CREATE MULTISET TABLE TPCDS.household_demographics ,NO FALLBACK ,
     NO BEFORE JOURNAL,
     NO AFTER JOURNAL,
     DATABLOCKSIZE = 262144 BYTES, CHECKSUM = DEFAULT,
     DEFAULT MERGEBLOCKRATIO,
     MAP = TD_MAP1
     (
      hd_demo_sk INTEGER NOT NULL,
      hd_income_band_sk INTEGER,
      hd_buy_potential CHAR(15) CHARACTER SET LATIN NOT CASESPECIFIC,
      hd_dep_count INTEGER,
      hd_vehicle_count INTEGER)
PRIMARY INDEX ( hd_demo_sk );

In the following query, the dimension tables must be filtered using WHERE clauses in order for the Optimizer to consider using an n-way join optimization. Step 3 of the EXPLAIN output shows the specific phrase that indicates use of an n-way join.

EXPLAIN
SELECT ss_ticket_number,
               ss_customer_sk,
               store.s_city,
               Sum(ss_coupon_amt) amt,
               Sum(ss_net_profit) profit
        FROM   store_sales,
               date_dim,
               store,
               household_demographics
        WHERE  store_sales.ss_sold_date_sk = date_dim.d_date_sk
               AND store_sales.ss_store_sk = store.s_store_sk
               AND store_sales.ss_hdemo_sk = household_demographics.hd_demo_sk
               AND ( household_demographics.hd_dep_count = 6
                      OR household_demographics.hd_vehicle_count > 2 )

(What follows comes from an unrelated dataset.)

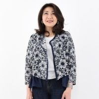 マニフェムインナーベスト付フラワーモティーフレースノーカラージャケット
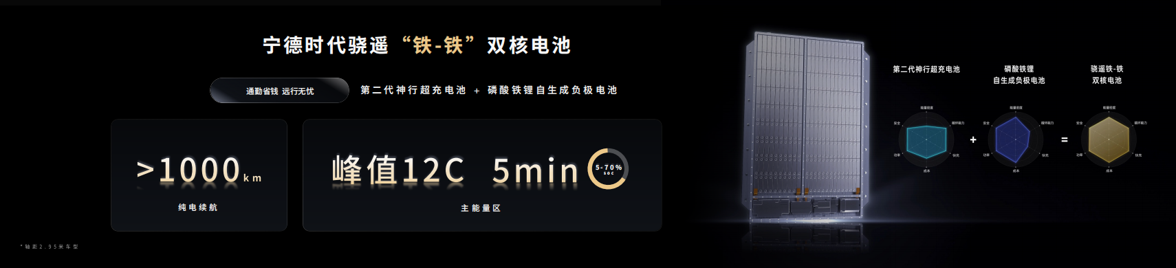 鐵-鐵雙核電池:第二代神行超充電池+磷酸鐵鋰自生成負(fù)極電池,在軸距接近3米的車型上可輕松實現(xiàn)千公里純電續(xù)航,同時讓每公里通勤成本低至1毛錢。

               AND date_dim.d_dow = 1
               AND date_dim.d_year IN ( 1999, (SELECT 1999 + 1),
                                        (SELECT 1999 + 2) )
               AND store.s_number_employees BETWEEN 200 AND 295
        GROUP  BY ss_ticket_number,
                  ss_customer_sk,
                  ss_addr_sk,
                  store.s_city;
 *** Help information returned. 67 rows.
 *** Total elapsed time was 1 second.

Explanation
---------------------------------------------------------------------------
 This request is eligible for incremental planning and execution (IPE).

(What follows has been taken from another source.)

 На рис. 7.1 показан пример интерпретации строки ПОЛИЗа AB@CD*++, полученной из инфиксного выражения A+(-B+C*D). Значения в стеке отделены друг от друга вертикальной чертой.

 The following is the static plan for the request.
  1) First, we lock tpcds.store_sales_cpa in view store_sales in
     TD_MAP1 for access, we lock TPCDS.store in TD_MAP1 for access, we
     lock TPCDS.date_dim in TD_MAP1 for access, and we lock
     TPCDS.household_demographics in TD_MAP1 for access.
  2) Next, we execute the following steps in parallel.
       1) We do an all-AMPs RETRIEVE step in TD_MAP1 from
          TPCDS.date_dim by way of an all-rows scan with a condition of
          ("(TPCDS.date_dim.d_dow = 1) AND ((TPCDS.date_dim.d_year >=
          1999) AND (TPCDS.date_dim.d_year <= 2001 ))") into Spool 3
          (all_amps), which is duplicated on all AMPs in TD_Map1.  Then
          we do a SORT to partition by rowkey.  The size of Spool 3 is
          estimated with high confidence to be 11,304 rows (192,168
          bytes).  The estimated time for this step is 0.01 seconds.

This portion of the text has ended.